On 01/13/2017 09:10 AM, Kevin Lindsey wrote:
So I inflated the 50mm Schwalbe Marathons on my Hunq to 60 psi (rear) and 40 psi (front) last night and wheeled it into the kitchen in preparation for what would have been my morning commute. About twenty minutes later, there was a deafening "bang" from the kitchen; I honestly thought a handgun had gone off or something had detonated in the microwave, and my left ear was ringing for a half hour afterward. Long story short, the Schwalbe inner tube on my rear tire had popped, shredded, and actually blew the tire off the rim; anyone who uses Marathons knows how hard it is to get those things on the rim in the first place, and it's sobering to think of how much energy must have been released to unseat one. Fortunately, aside from screwing up my commute and throwing my dogs' digestive systems into reverse, however, there was no other apparent damage.

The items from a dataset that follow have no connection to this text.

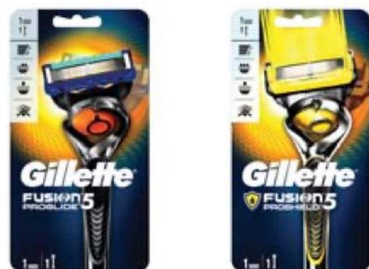
СТАНОК Fusion5 ProGlide/ ProShield, Gillette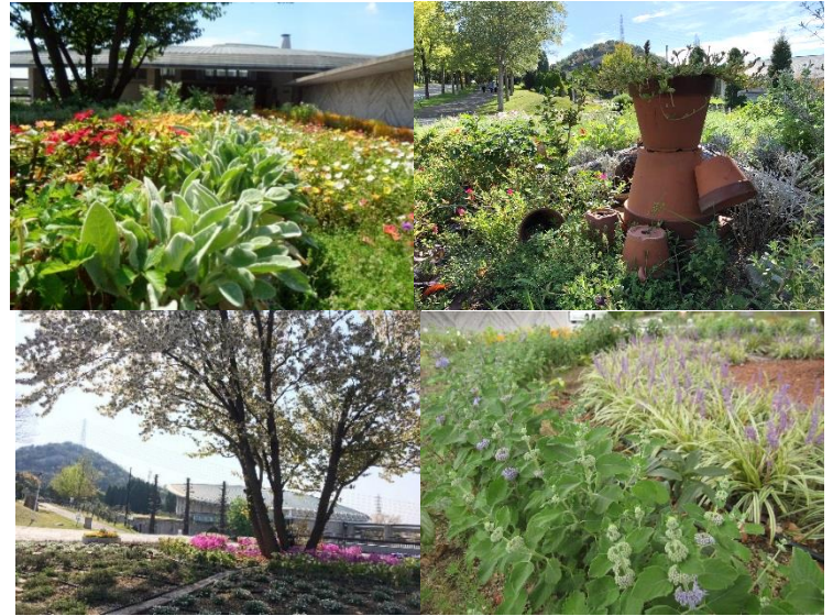
左上：ハーブなどの花々、右上：植木鉢をアレンジしたスタッフの遊び心 左下：4月頃に咲くヤマザクラ、右下：ヤマザクラの回りを取り囲む

改修工事をするにあたり庭園管理のスタッフと何度も話し合いを重ね、花壇がより賑やかになるように、そして花壇の手入れがしやすくなるように生まれ変わることができました。現在では、庭園管理のスタッフがさらにアレンジを加え、今ではウェルネスパークの顔となっています。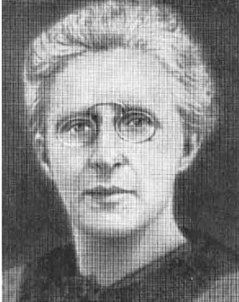
Е. Д. Стасова.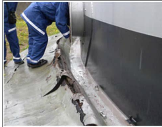
地盤の不等沈下によるタンクの沈下、 アニュラ板付近の変形状況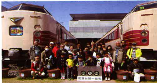
「春のバスハイキング」 大宮鉄道博物館にて

「かつこいいね。こんなのがせんろを走つていたんだね。」 と言いました。むかしの人たちが作つたんだとかがえるとおもいました。その後もきつぷやしよう車けんをきつてもらつたり、パソコンですきな形の電車を書きました。かつこよくできたのでよかったです。 また来年もバスハイキングにいきたいです。

I think you've got the sequence of events backwards. Usually the way this happens is a fold of tube is caught under the bead of the tire. Air pressure gradually wedges the bead entirely off the rim, exposing the tube; at that point the tube explodes.

Anyone know generally what causes a tube to blow up like that? It wasn't over-inflated, probably only had fifty or sixty miles on it, was the correct size for the tire, and generally should have lasted for several hundred miles. My son has had this problem with some Specialized tubes recently, but the Schwalbe products are generally of a higher quality, but now I'm wondering whether there's a QC issue at the factories in, I assume, China.
Any thoughts would be appreciated.

This has nothing at all to do with the quality of the tube -- other than perhaps its size -- and everything to do with the installation. It is a fact, however, that a large tube is more difficult to completely stuff into the tire, and a tube that's actually too large for the tire is extremely difficult to install without getting caught under the bead. It helps if you put some air in the tube to make it round before you seat the tire.